- **THE DATA**
"""

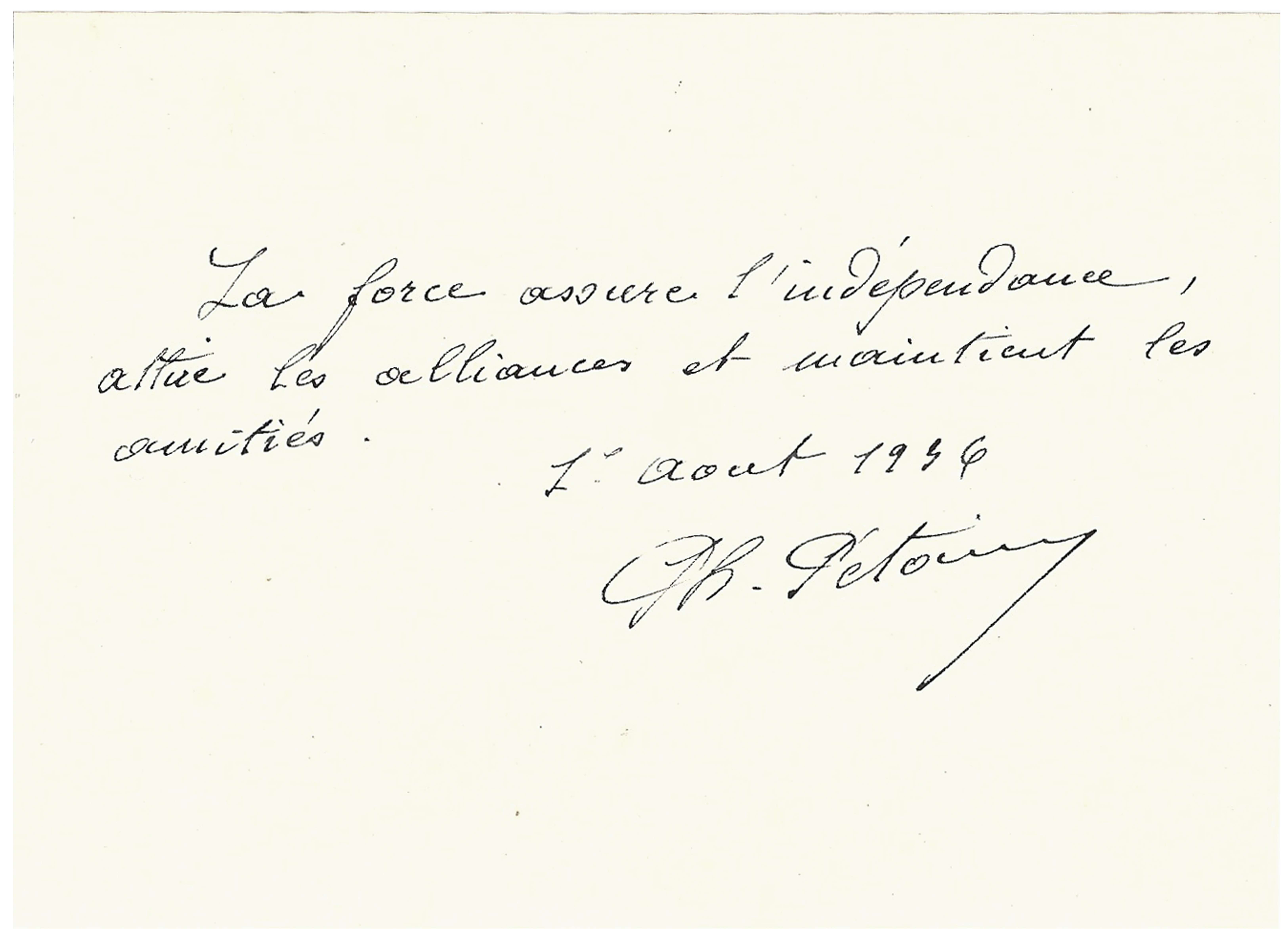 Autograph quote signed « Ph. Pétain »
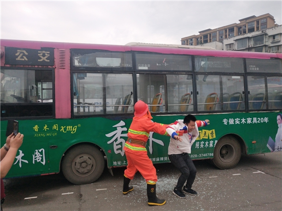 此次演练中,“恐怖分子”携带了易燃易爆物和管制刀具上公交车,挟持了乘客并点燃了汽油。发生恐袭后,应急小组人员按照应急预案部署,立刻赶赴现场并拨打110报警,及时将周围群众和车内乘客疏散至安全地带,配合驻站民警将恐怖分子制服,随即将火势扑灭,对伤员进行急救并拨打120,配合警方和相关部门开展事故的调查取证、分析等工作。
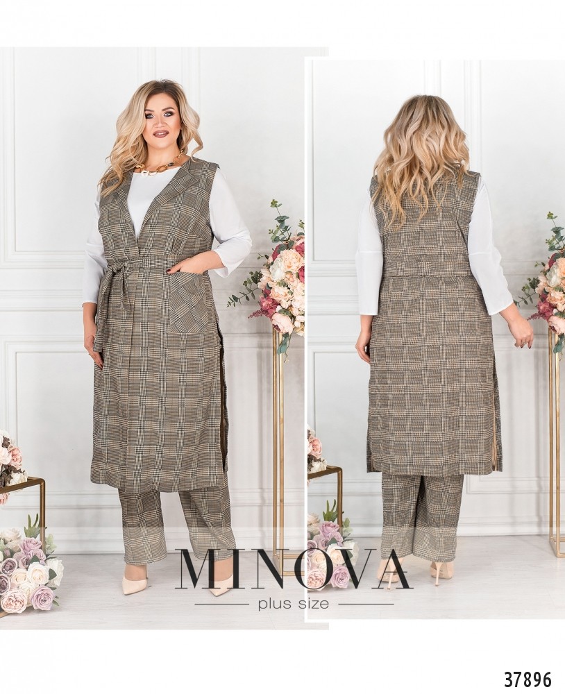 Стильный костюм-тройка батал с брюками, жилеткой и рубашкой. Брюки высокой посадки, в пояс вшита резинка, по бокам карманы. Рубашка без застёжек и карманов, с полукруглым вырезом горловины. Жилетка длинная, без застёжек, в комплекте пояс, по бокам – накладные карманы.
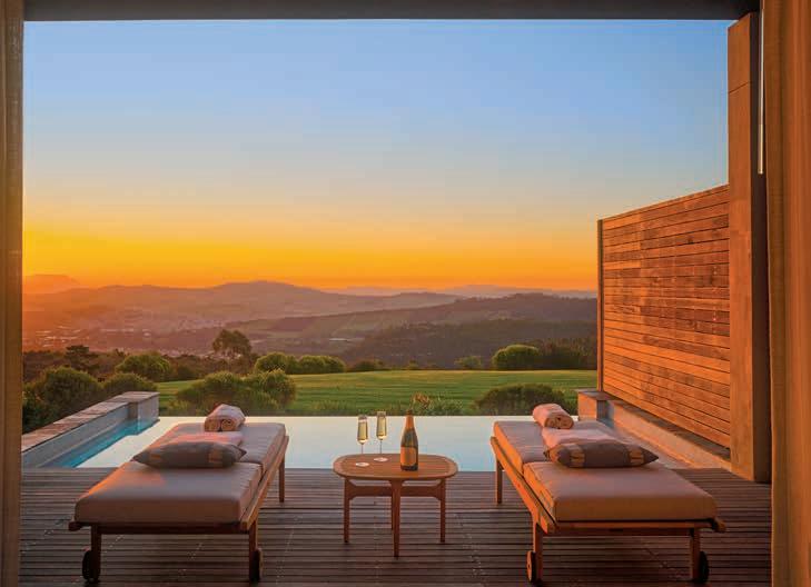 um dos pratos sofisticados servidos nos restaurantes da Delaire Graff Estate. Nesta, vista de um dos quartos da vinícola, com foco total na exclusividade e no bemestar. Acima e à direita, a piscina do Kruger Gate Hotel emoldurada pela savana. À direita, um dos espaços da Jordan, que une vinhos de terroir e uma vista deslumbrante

"""

- **TO DO**
An exact repetition of the listing is needed, with the pictures dropped.

- **RESPONSE**
 Autograph quote signed « Ph. Pétain »
 此次演练中,“恐怖分子”携带了易燃易爆物和管制刀具上公交车,挟持了乘客并点燃了汽油。发生恐袭后,应急小组人员按照应急预案部署,立刻赶赴现场并拨打110报警,及时将周围群众和车内乘客疏散至安全地带,配合驻站民警将恐怖分子制服,随即将火势扑灭,对伤员进行急救并拨打120,配合警方和相关部门开展事故的调查取证、分析等工作。
 Стильный костюм-тройка батал с брюками, жилеткой и рубашкой. Брюки высокой посадки, в пояс вшита резинка, по бокам карманы. Рубашка без застёжек и карманов, с полукруглым вырезом горловины. Жилетка длинная, без застёжек, в комплекте пояс, по бокам – накладные карманы.
 um dos pratos sofisticados servidos nos restaurantes da Delaire Graff Estate. Nesta, vista de um dos quartos da vinícola, com foco total na exclusividade e no bemestar. Acima e à direita, a piscina do Kruger Gate Hotel emoldurada pela savana. À direita, um dos espaços da Jordan, que une vinhos de terroir e uma vista deslumbrante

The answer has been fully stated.